Kritis: Kritis is a Google tool that utilizes the above Grafeas data to determine policy for which containers should and should not be permitted to run on your Kubernetes cluster at deploy time.
Docker Cloud: Docker Cloud can store pre-built images, or link to your source code to build Docker images. Furthermore, you can verify the resulting Docker images before you push them to your Kubernetes instance private image registry.
Docker Hub: Docker Hub cloud-based repositories allow you to share images with users, and links to Docker Cloud. There is also an image verification component associated with this image sharing process.
Overall, the secure container image pipeline ensures the security and integrity of any Kubernetes containers that are instantiated in your Kubernetes instance. The security of your instance can be ensured by determining who can approve each image before submission to the image registry, and who can instantiate the image as a live container. This separation of duties between who approves the image, and who deploys the image, is key to ensuring that unsuitable or malicious containers are never in use.
The development, AppOps, and infrastructure teams work together seamlessly in a process that ensures that any approved container meets stringent standards at all times. UCD (Urban Code Deploy) is employed to move each container through each stage in this process, and also assists in configuring the monitoring of your container, so that the appropriate individuals are notified in the event of any container failure.

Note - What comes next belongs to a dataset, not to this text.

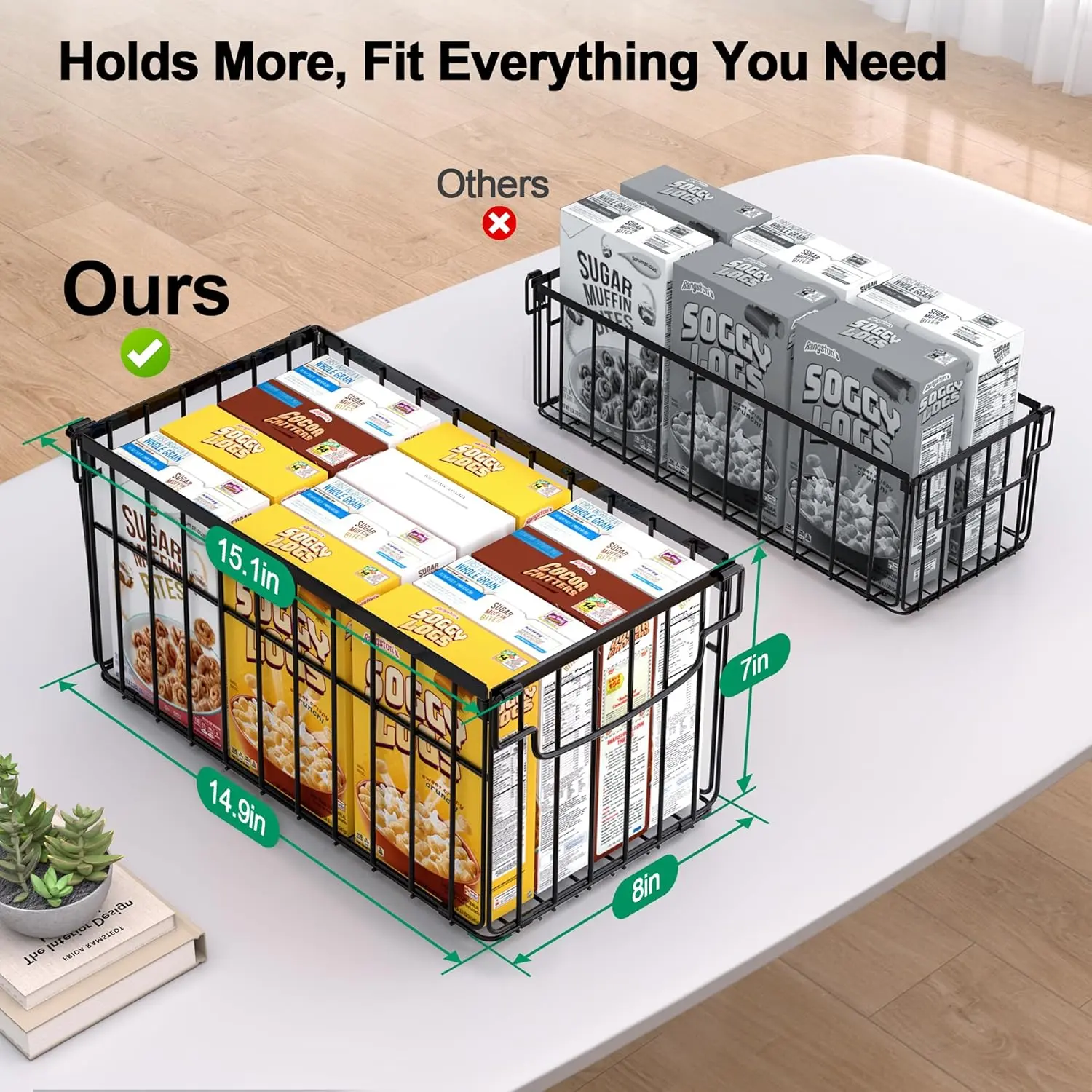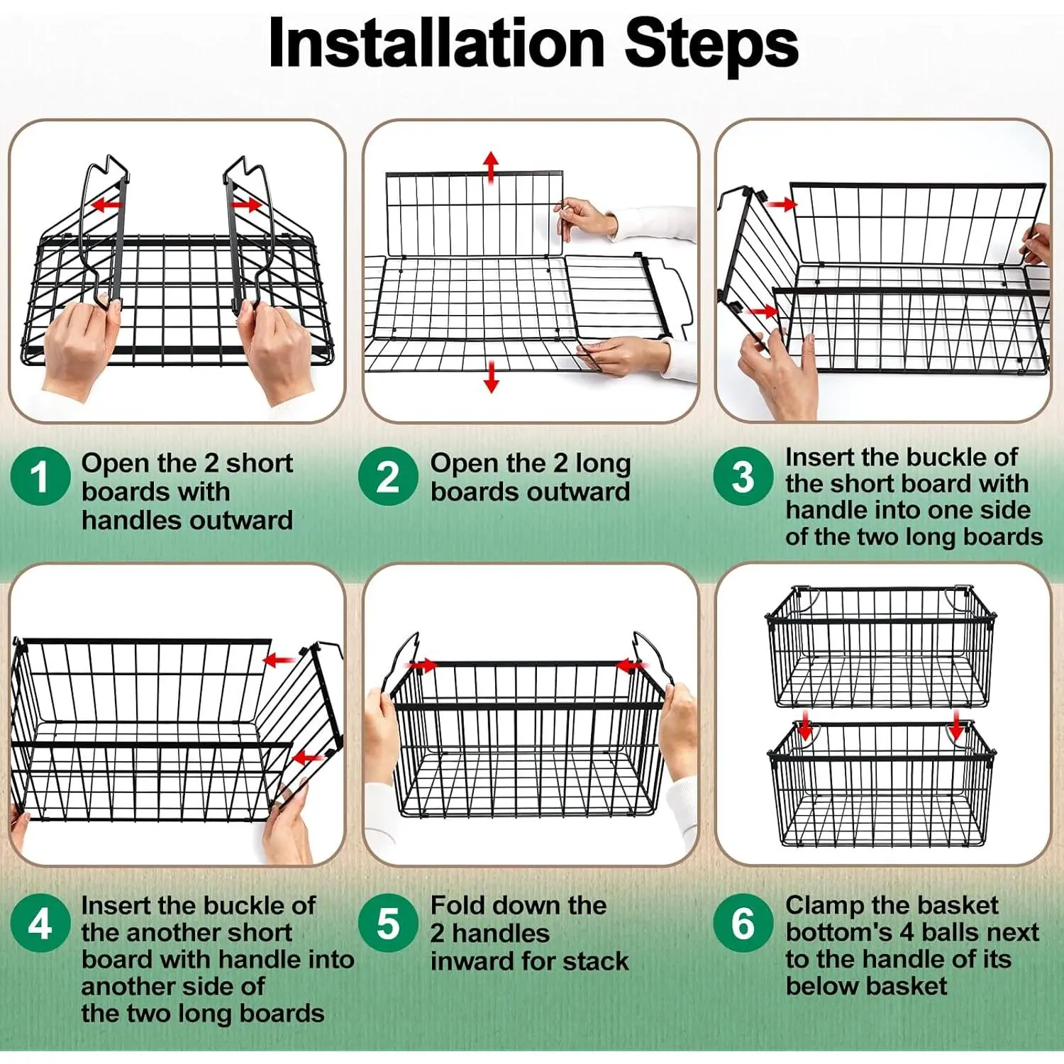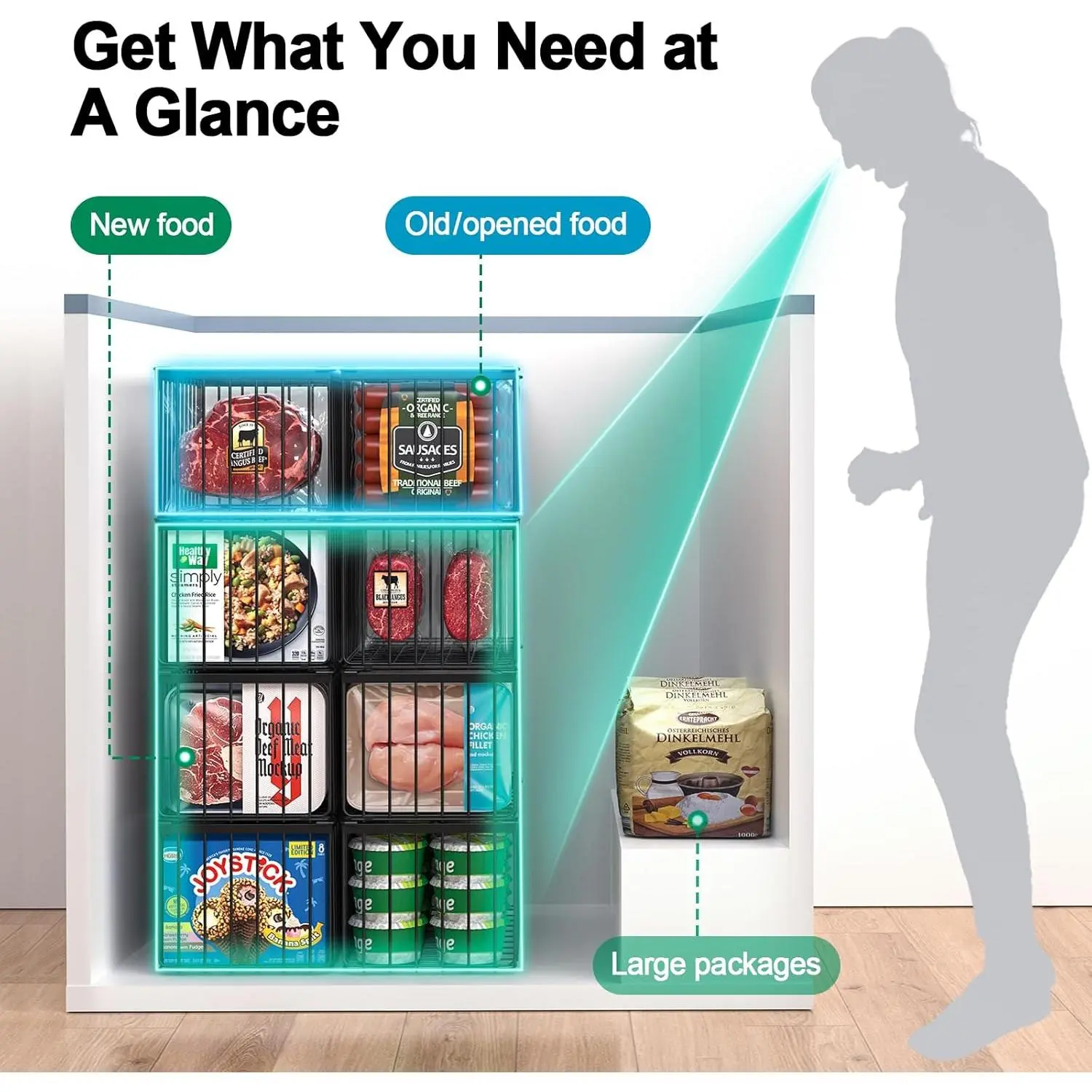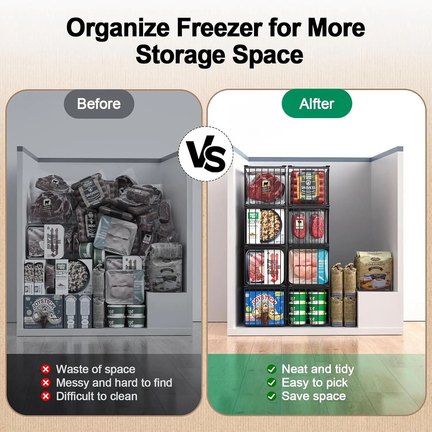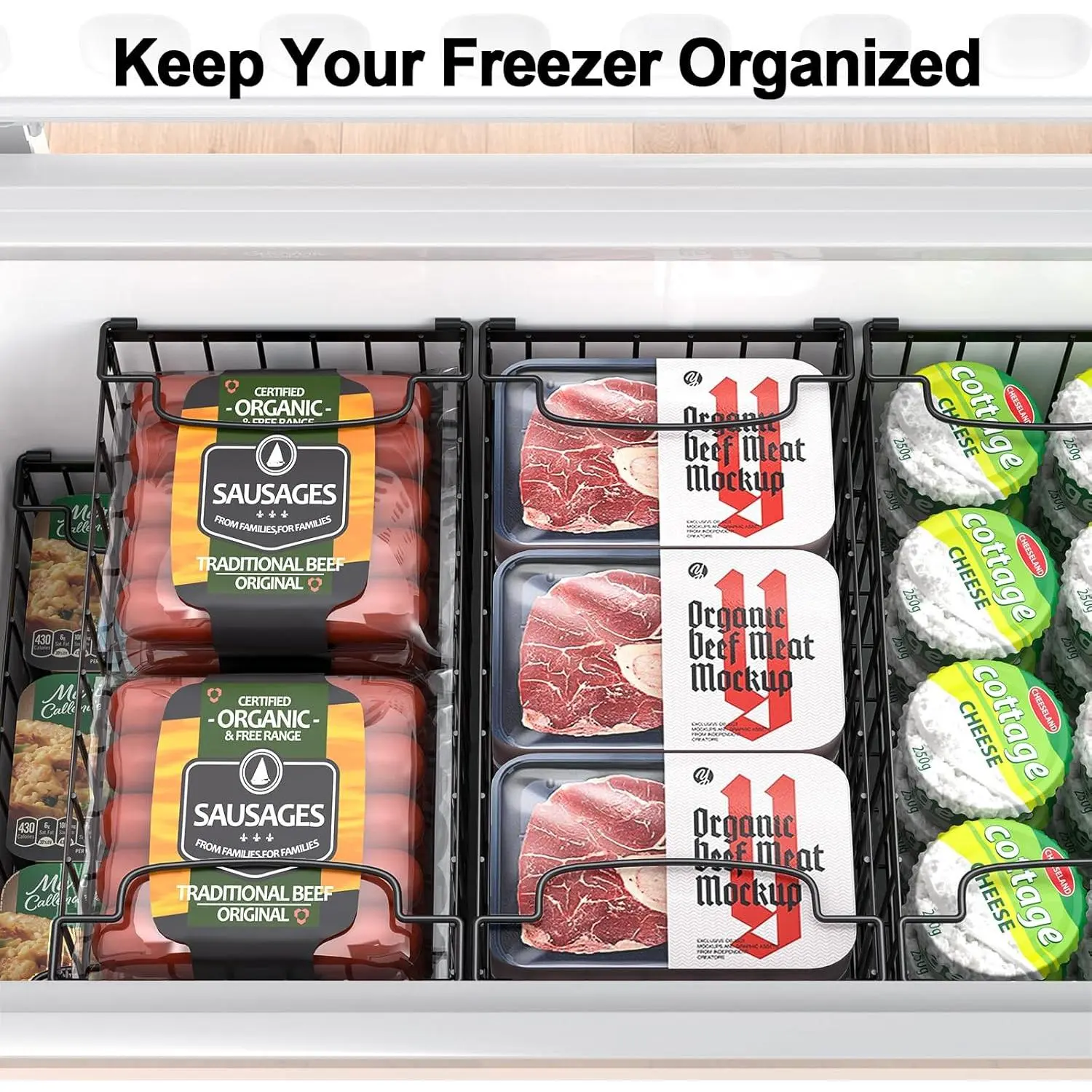 Organizer Bins, 4 Pack Stackable Deep Chest Freezer Organizer Bins, Foldable Baskets with Handles, Black Storage Container Baskets for 5/ 7 Cu.FT Deep Freezer Sort Frozen Meats

The combined structure and operation of this Kubernetes CI/CD secure container image pipeline and the best practices that accompany it, ensure a safe, reliable, and trouble-free operation of your Kubernetes instance. This is critical to observe in any high availability Kubernetes environment, where containers and their contents may be required to scale rapidly at any time to meet demand.
Current best practices
We recommend that you use a scanning mechanism for all your container images in your Kubernetes Private Registry, such as IBM’s free Image Scanning Service: http://imagescanner.bluemix.net/.
Future best practices
Grafeas and Kritis may be required to be deployed to your Kubernetes environments in the future. However, considering that the CI/CD pipeline leverages the TaaS (Testing as a Service) artifactory, it may be possible to leverage JFrog Xray and AquaSec to carry out container vulnerability scanning. Even though private registries in your Kubernetes environments may not necessarily have this artifactory, the artifactory is the single point that all container images pass through during the CI/CD process. So, it may be possible to reap all the benefits of security scanning, without necessarily having to install Grafeas and Kritis on every environment.